Yüzde 10 barajından ötürü 2007 seçimlerinde olduğu gibi bağımsız adaylarla seçimlere katılma kararı alan bloğun adayları açıklandığında beklentileri aşan olumlu bir etki dalgası yarattığı görüldü.
 Yüksek Seçim Kurulunun adeta darbe olarak değerlendirilebilecek teşebbüsü karşısında Kürt yoksullarının, gençlerinin muazzam direnişi bu hamleyi püskürterek YSK’nın aday vetosunu geri almasına sebep oldu.

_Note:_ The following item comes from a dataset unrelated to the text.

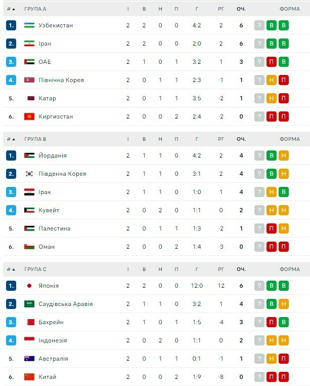 Хто лідирує у відборі ЧС в Азії? Турнірні таблиці. П'ять м'ячів від Японії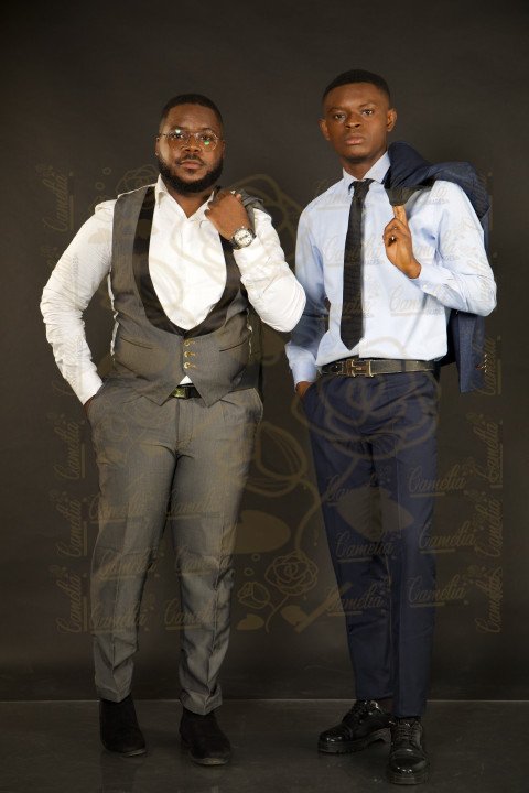 Deux Hommes Affaire Jeune teint claire costumes 3 pièces cravate paires et ceintures noires

12 Haziran seçimleri, her genel seçimde olduğu gibi toplumun barometresi rolünü oynayacak. Bir yandan sistemin iki kampı olan Kemalist-Laik burjuva kampını temsil eden CHP ve MHP’yle, İslamcı burjuvaziyi temsil eden AKP kampı arasındaki güç dengesi ölçülecek, diğer yandan ise birazdan değineceğim seçim beyannamesindeki anlayışa rağmen nesnel varlığı itibarıyla sistem karşıtı olan EDÖ bloğunun toplumsal desteğindeki artışa bağlı olarak ezilenlerin değişim talepleri somutluk kazanacak. EDÖ bloğunun alacağı oyların yükselişi tüm ezilenlerin muktedirlere karşı mücadele azimlerinin yükselmesine moral bakımından büyük tesiri olacak.

Seçim Programının Rolü

Aslına bakılırsa, oy kullanmak üzere sandığa giden kitleler için, seçime katılan partilerin seçim programları tercih nedenlerini etkileyen faktörler arasında herhalde son sıralarda yer alır. Parti ve seçim programları daha ziyade siyaset bilimciler, köşe yazarları bakımından bir miktar inceleme konusu yapılır, olumlu, olumsuz eleştiri konusu olur. Ama onlar bile, halkın karar alma süreçlerine müdahil olurken, bu programları temel referans olarak pek az kullanırlar. Bu durumun bir nedeni, sistemin siyasi aktörlerinin seçim programları bir vaatler manzumesi olarak hazırlandığından ve de bu vaatlerin yerine getirildiği vaki olmadığından, seçim bildirgelerine karşı oluşan derin kuşkular, onları itibarsızlaştırır. Halkın büyük çoğunluğunda oluşan kanaatte, politikacıların zaten yalancı olduğudur. İkinci neden, hem sistemin siyaset sınıfı için, hem de sistem karşıtı muhalefet için geçerlidir. O da, her siyasi aktörün, seçim programı sadece o anda açıkladığı bildirgeyle sınırlı olarak değerlendirilmez, o güne değin sürdürdüğü söz ve eylemin bütünü ile birlikte değerlendirmeye tabi tutulur. Dolayısıyla, aslında siyasi program, her siyasi hareketin geçmişiyle, bugünüyle yaşanan sürecin bütününü kapsayarak vücut bulmaktadır. Bu bakımdan, seçmenler, toplumsal ihtiyaçlara, seçim sürecinde bildirgeyle yanıt üreten siyasi aktörlerin yalnızca o anda söyledikleriyle değil, önceki siyasi söz ve eylemini dikkate alarak tercihlerini belirleyecektir.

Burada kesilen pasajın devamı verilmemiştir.